Guzman, along with 7,300 others, participated in a naturalization ceremony at the Los Angeles Convention Center, the Los Angeles Daily News reports.
"I'm happy," Guzman told the Daily News after the ceremony, speaking in Tagalog, the official language of the Philippines.
Only 27 people older than age 100 have become U.S. citizens in the past 50 years, according to U.S. Citizenship and Immigration office. The oldest person to ever receive citizenship was 117 years old.
Guzman's wife, and two of their adult children became U.S. citizens, but Guzman never applied.
Guzman, who has 20 grandchildren, wanted to renew his green card when his niece and caretaker, Julie Guzman, recommended he go for citizenship. But he was nervous about answering U.S. history questions during the interview, she said.
A paralegal helped convince Guzman that citizenship would be wiser, and cheaper, than renewing his green card.
"From there he could not sleep," Julie Guzman said. "He'd always been wondering how he is going to answer the officer. Every day he'd sleep from only 12 to 1 a.m., and he kept reading the history book. Then I said, 'Darling you don't need to memorize that.'"
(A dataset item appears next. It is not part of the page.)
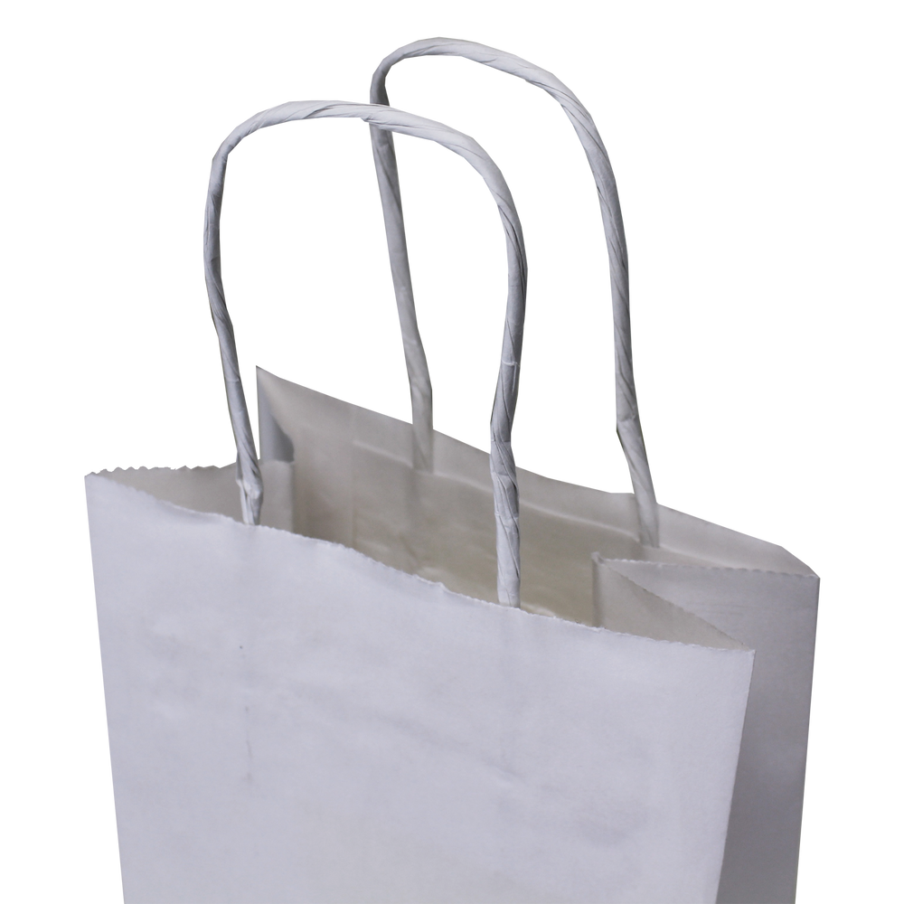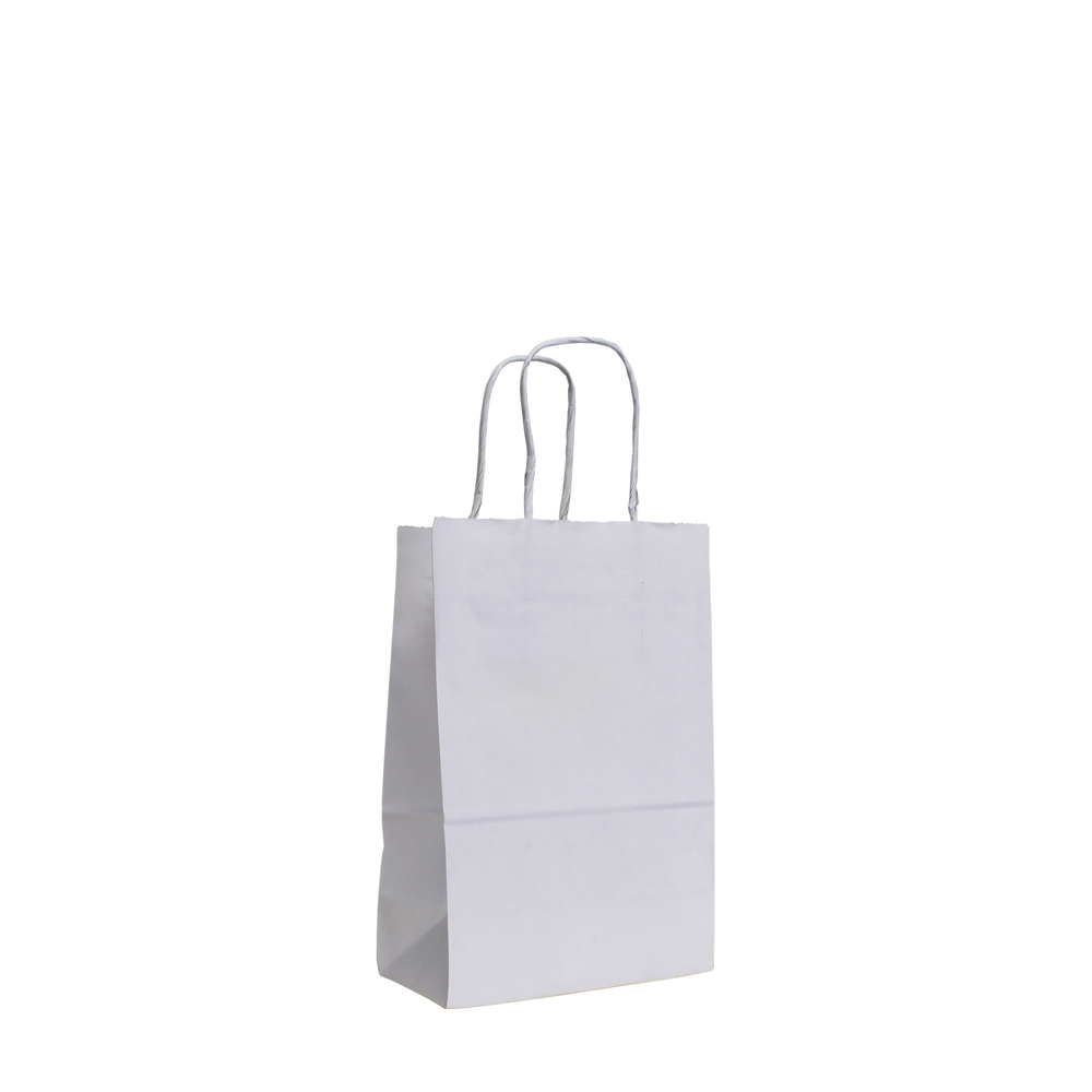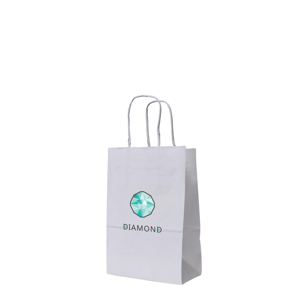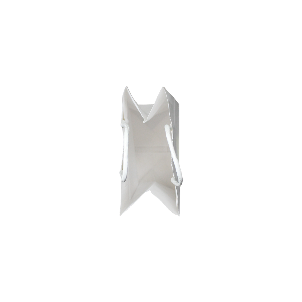 Our Mini White Paper Shopper Bag is ideal for carrying your smallest goods like jewelry, confectionaries, and small promotional materials. They're perfect for retail stores, gift shops, conventions, and more! These bags are made from 100% white kraft paper and can be reused or recycled when you're done with them. This bag can be customized with the logo, message, or artwork of your choice.
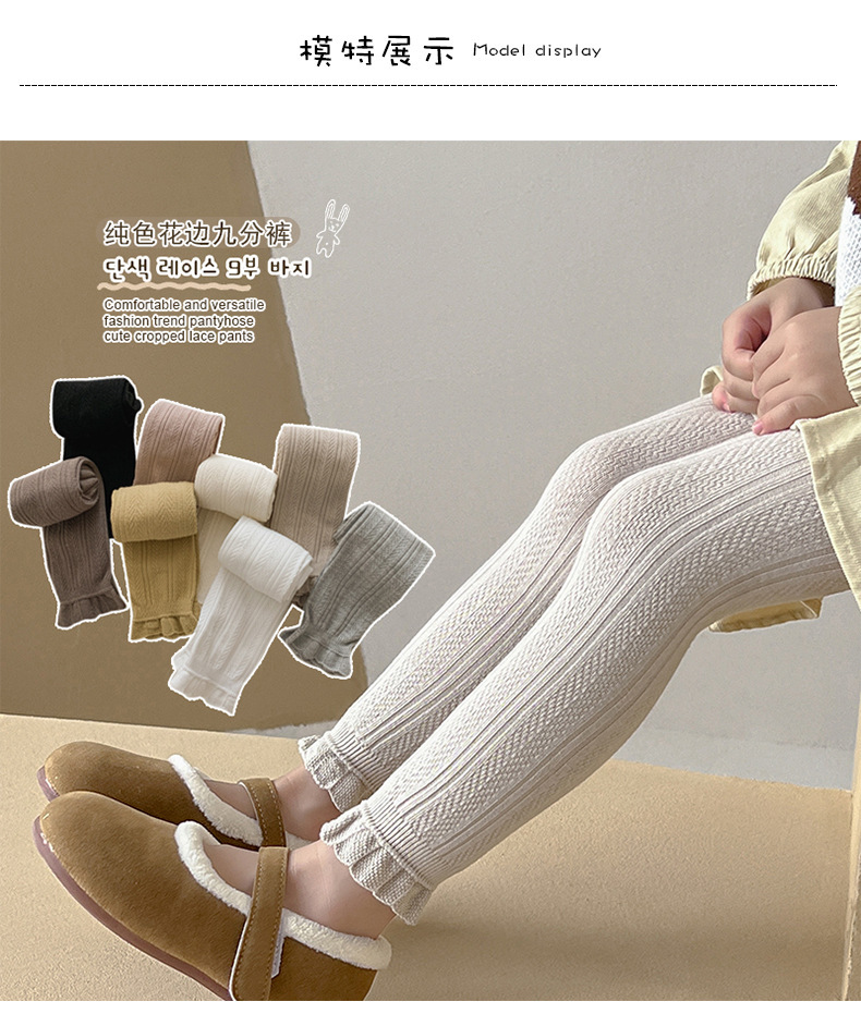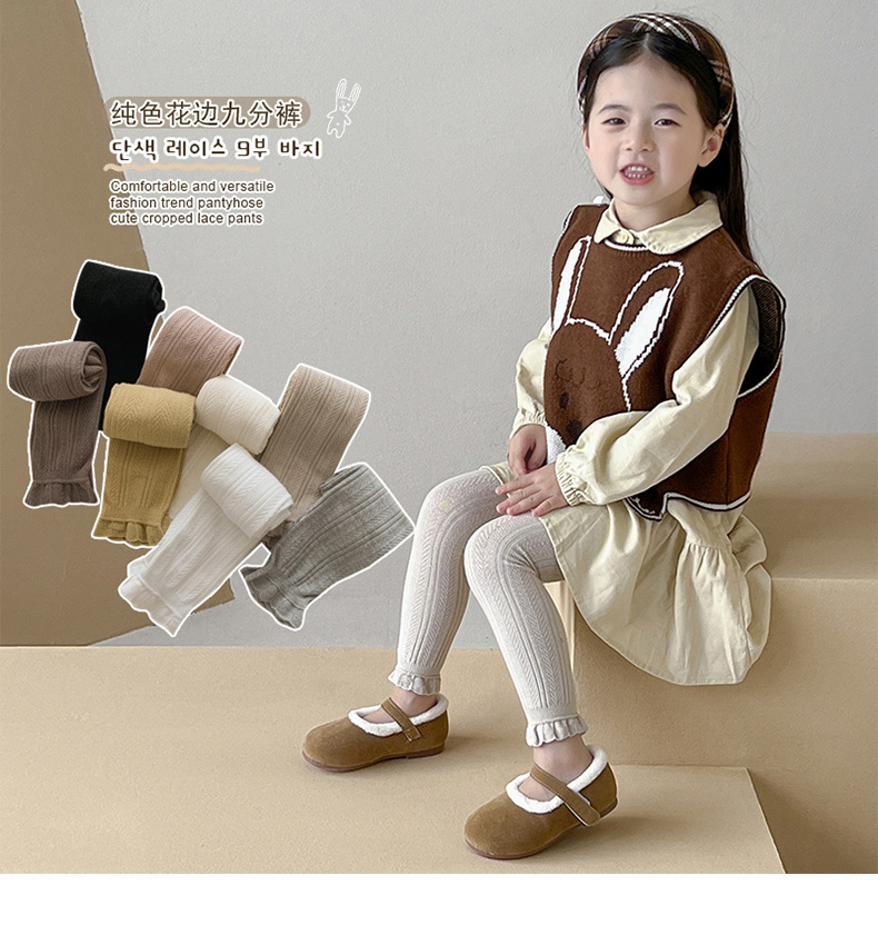 소녀 레깅스 봄과 가을 얇은 밀 패턴 단색 어린이 레깅스 새로운 9 점 소녀 바지 도매스토어 가기

Even after a doctor signed a waiver saying Guzman is unable to memorize information, he kept studying, his niece said.
Julie Guzman, already a citizen herself, attended the ceremony Wednesday to support her uncle. She said Guzman, who speaks little English, is hard of hearing and most likely couldn't understand the judge administering the oath.
The day of the ceremony, Guzman woke up at 5 a.m., excited and worrying about how his hair looked. During the ceremony, Julie Guzman helped her uncle out of his wheelchair so that he could stand during the singing of the Star-Spangled Banner and the citing of the Pledge of Allegiance. While he stood, Guzman, from North Hollywood, Calif., placed his hand over his heart, next to an American flag in his coat pocket.
"He was so happy. He was so excited," his niece said. "We're so very, very proud of him."